God saves Moses from Pharaoh

Then Pharaoh commanded all his people, "Every boy that is born to the Hebrews you shall throw into the Nile, but you shall let every girl live."

Now a man from the house of Levi went and married a Levite woman. The woman conceived and bore a son; and when she saw that he was a fine baby, she hid him three months. When she could hide him no longer she got a papyrus basket for him, and plastered it with bitumen and pitch; she put the child in it and placed it among the reeds on the bank of the river. His sister stood at a distance, to see what would happen to him.
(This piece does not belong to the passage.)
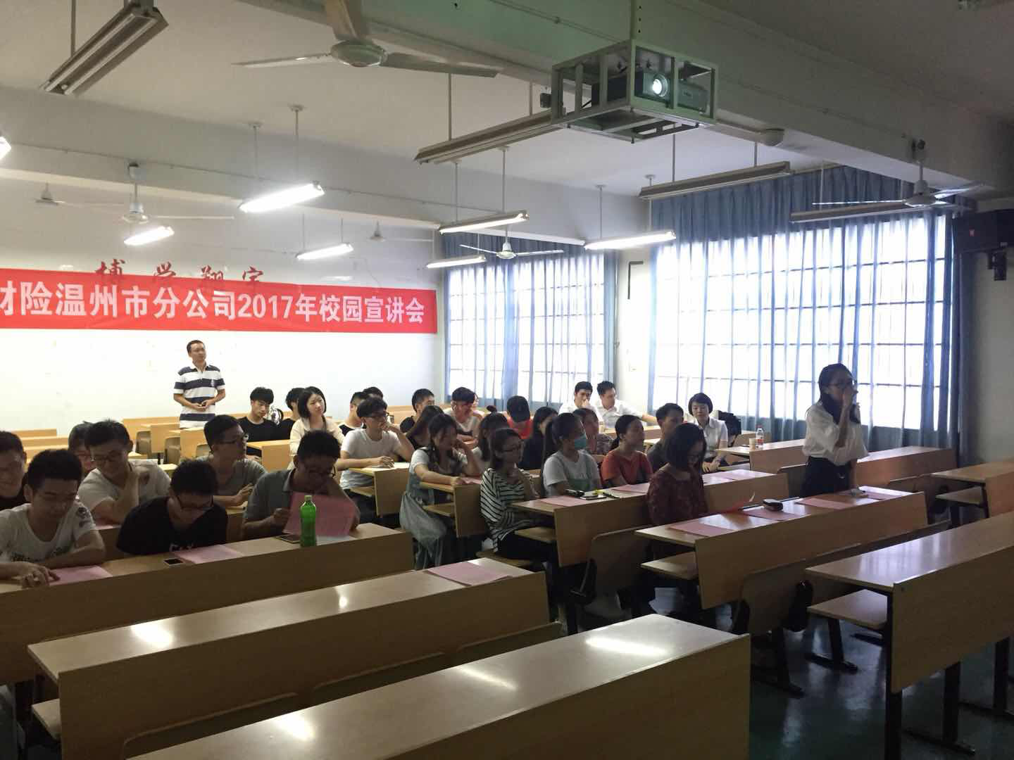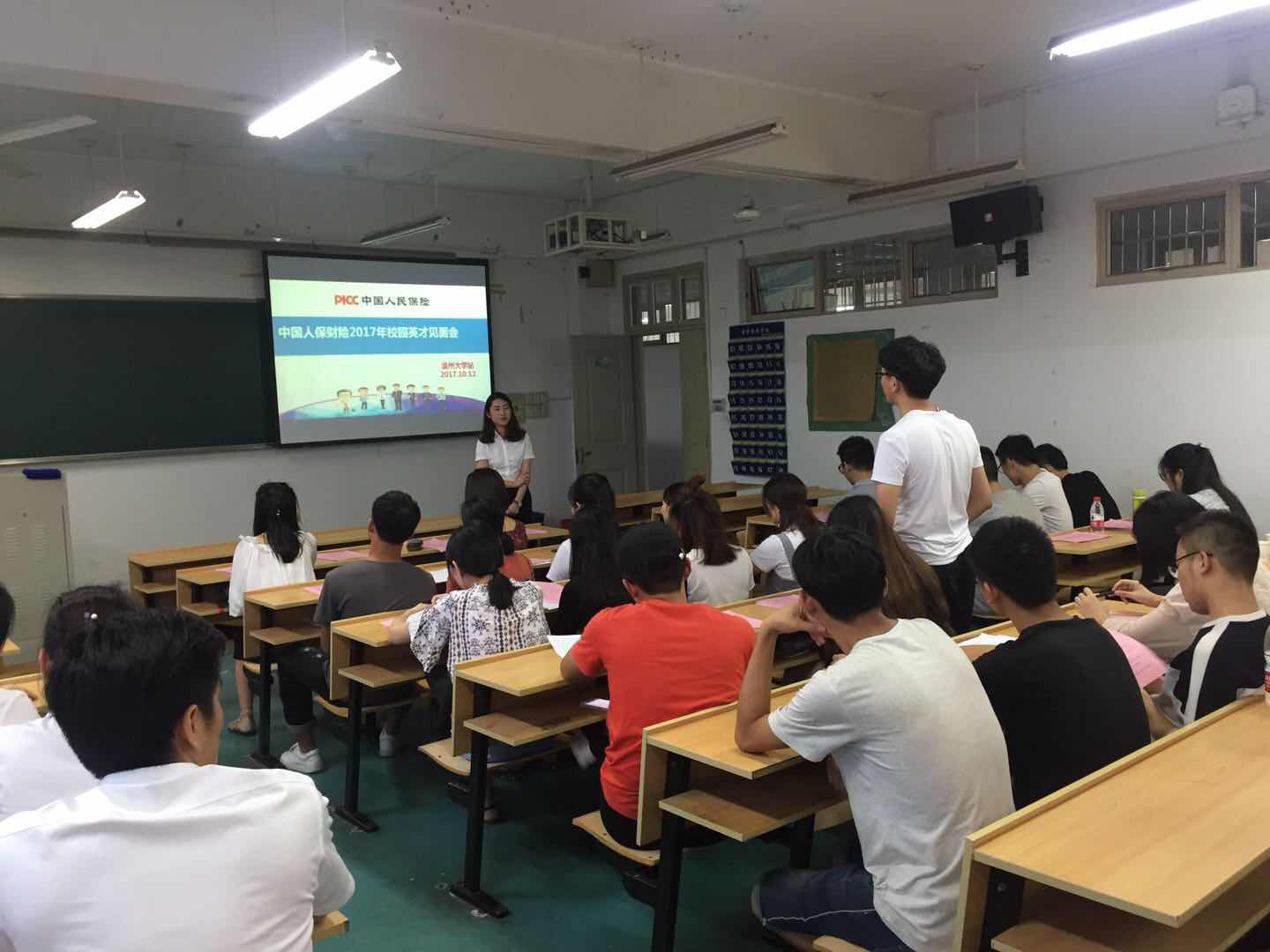 在经过一番沟通交流之后,来自中国人保财险温州市分公司人力资源部的高玉琼女士,真正开始了以“正青春·一起拼”为主题的介绍。先后介绍了当前保险行业市场,以及其所在的世界500强企业中国人保财险公司。从公司体制、优势、文化等到员工培养路线,员工薪酬待遇、员工升职空间等,详细进行了介绍。

The daughter of Pharaoh came down to bathe at the river, while her attendants walked beside the river. She saw the basket among the reeds and sent her maid to bring it. When she opened it, she saw the child. He was crying, and she took pity on him, "This must be one of the Hebrews' children," she said. Then his sister said to Pharaoh's daughter, "Shall I go and get you a nurse from the Hebrew women to nurse the child for you?" Pharaoh's daughter said to her, "Yes." So the girl went and called the child's mother. Pharaoh's daughter said to her, "Take this child and nurse it for me, and I will give you your wages." So the woman took the child and nursed it. When the child grew up, she brought him to Pharaoh's daughter, and she took him as her son. She named him Moses, "because," she said, "I drew him out of the water."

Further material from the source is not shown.